In classical economics the private sector is the
engine of growth; but there is doubt among
economists in Ethiopia that free market conditions
can initiate the growth needed to alleviate poverty
in one of the poorest countries in the world.
UNCTAD listed four major roles that the state, not
the private sector, would play in order to jump
start the highly aspired growth in the region
through strong institutional frameworks.
The report contended that improving tax collection
capacity could double tax revenues in some
countries. Large variations in the ratios of tax
revenues to gross domestic product (GDP) suggest
that countries with very low ratios have the
potential to increase revenues dramatically.
Analysts consider Ethiopia a part of this group.
The second role of the state according to the report
is formalising economic activities so that the tax
base would potentially increase. The informal sector
has become an increasingly important segment of
economic activity in many African countries due to
economic liberalisation and state roll-back policies
pursued over the last 25 years, the report says.
Also included in the report is the creation of a
condition in which more remittances are channelled
through banking systems. Unrecorded remittances,
unlike the recorded ones, spur consumption rather
than investment, which adversely affects the growth
of a country.
UNCTAD also argues that capital flight is
continuously denying African economies large amounts
of the continent's resources for investment. A study
made in 2000 estimated that the stock of capital
flight from Africa is higher than the stock of the
continent's debt, prompting some analysts to
conclude that Africa is a "net creditor" versus the
rest of the world.
Mr. Nkurunzia asserted that, following profit
maximisation motives, the private sector on its own
is not concerned directly with these four crucial
areas needed for growth enhancement.
"The state should ensure that private interests
converge with collective interests," he said.
"Ignoring collective interest, development cannot
come into the fore."
However, it is feared that the latest report would
be frowned upon by international institutions like
the World Bank and the International Monetary Fund (IMF)
as they tend to adhere to the more classical
approach advising African countries to create an
economy in which the role of the state is minimal.

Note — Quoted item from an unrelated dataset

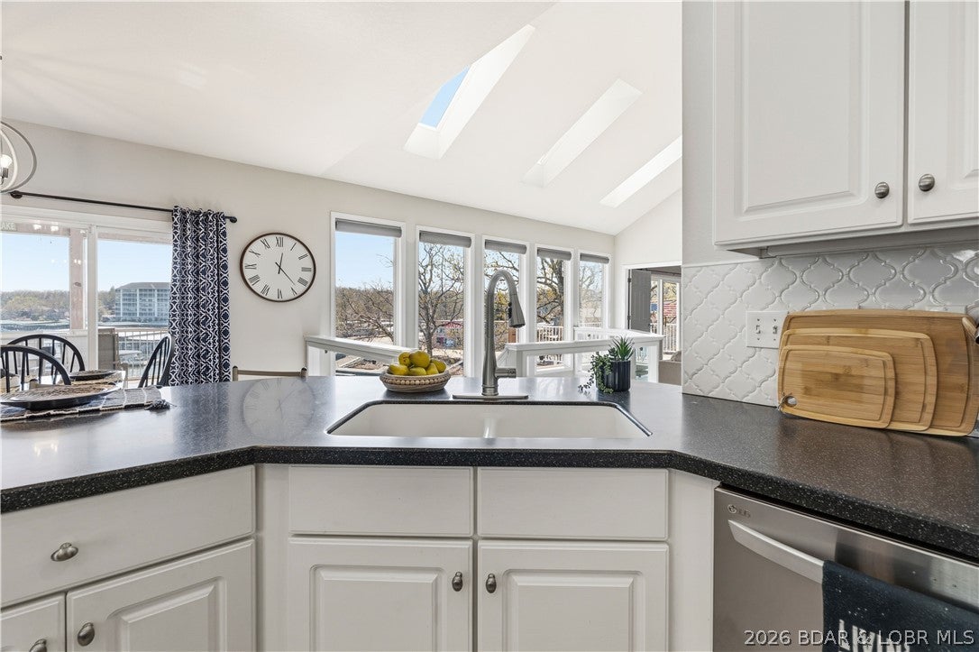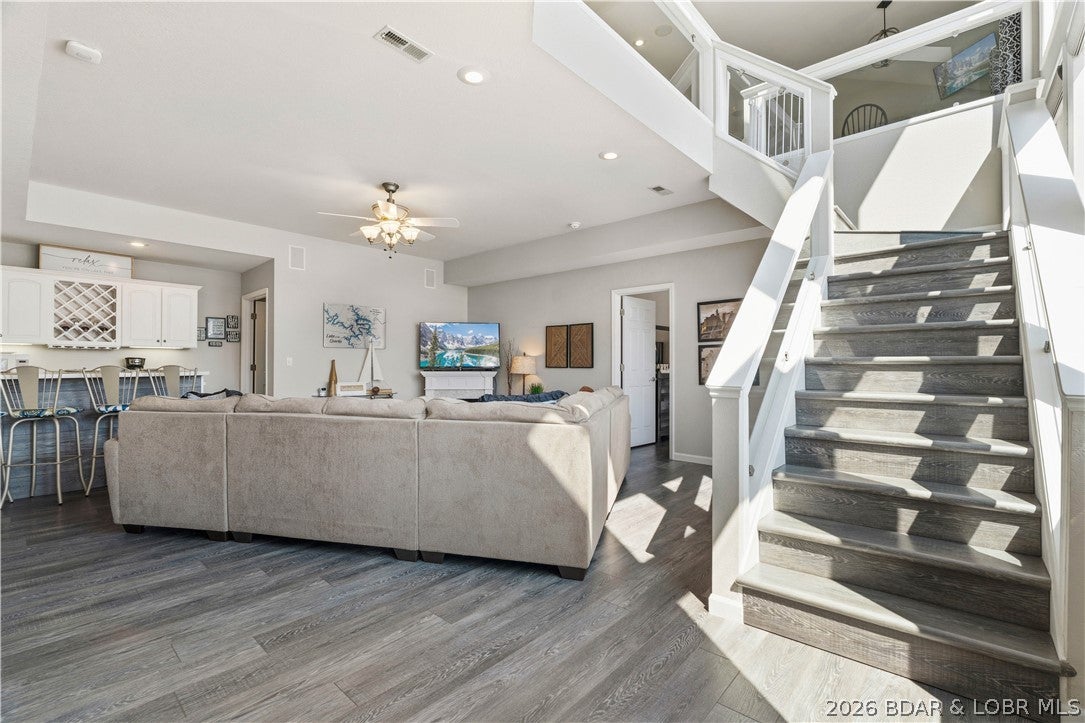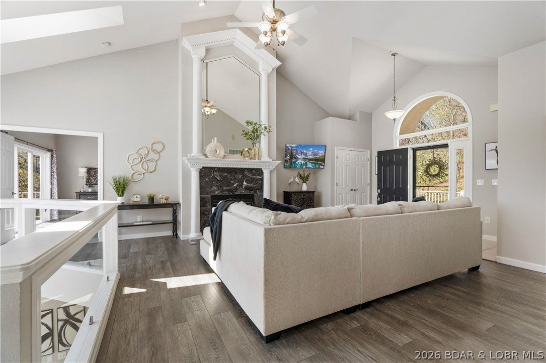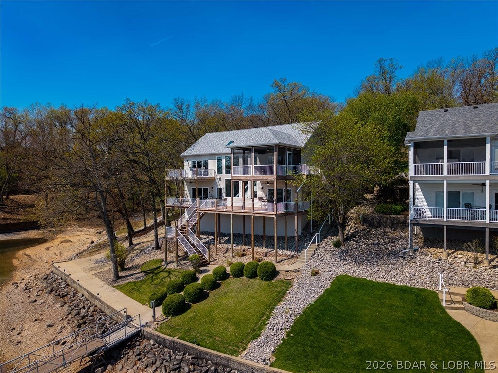 Rare opportunity in the heart of Osage Beachlakefront living with space, privacy, and incredible shoreline! Situated on 1.19 acres inside a private gated community, this beautifully updated 4-bedroom, 2 are en-suites,3.5-bath home offers 2,944 sq ft and an impressive 271 feet of lake frontageplus your own private beach, something you rarely find at the lake.Sold turn-key and updated inside and out, this home is designed for easy living and entertaining. The main level features an open layout with a wall of windows showcasing stunning lake views and true main-level living. The walkout lower level includes a spacious bar area, perfect for hosting family and friends, along with a second laundry for added convenience.Outdoor living is unmatched with expansive deck space on both levels and a massive screened-in deck just off the kitchenideal for enjoying the lake in every season. A cart path leads you to a deep-water concrete dock with 3 slips, making lake days effortless.Private, spacious, and move-in readythis is a one-of-a-kind lakefront retreat.

"We should not apply across the board prescriptions
by these financial institutions," Wolday told
Fortune. "The government and the private sector
should work in collaboration to bring about the
change we long for."
Nkurunzia however, believes that these institutions
consider this move as a compliment to their policy
prescriptions, which is now tilting to the desire
for a strong state that effectively mobilises its
domestic resources efficiently.
"They know as well as us that the state has a
crucial role to play," Nkurunzia told Fortune.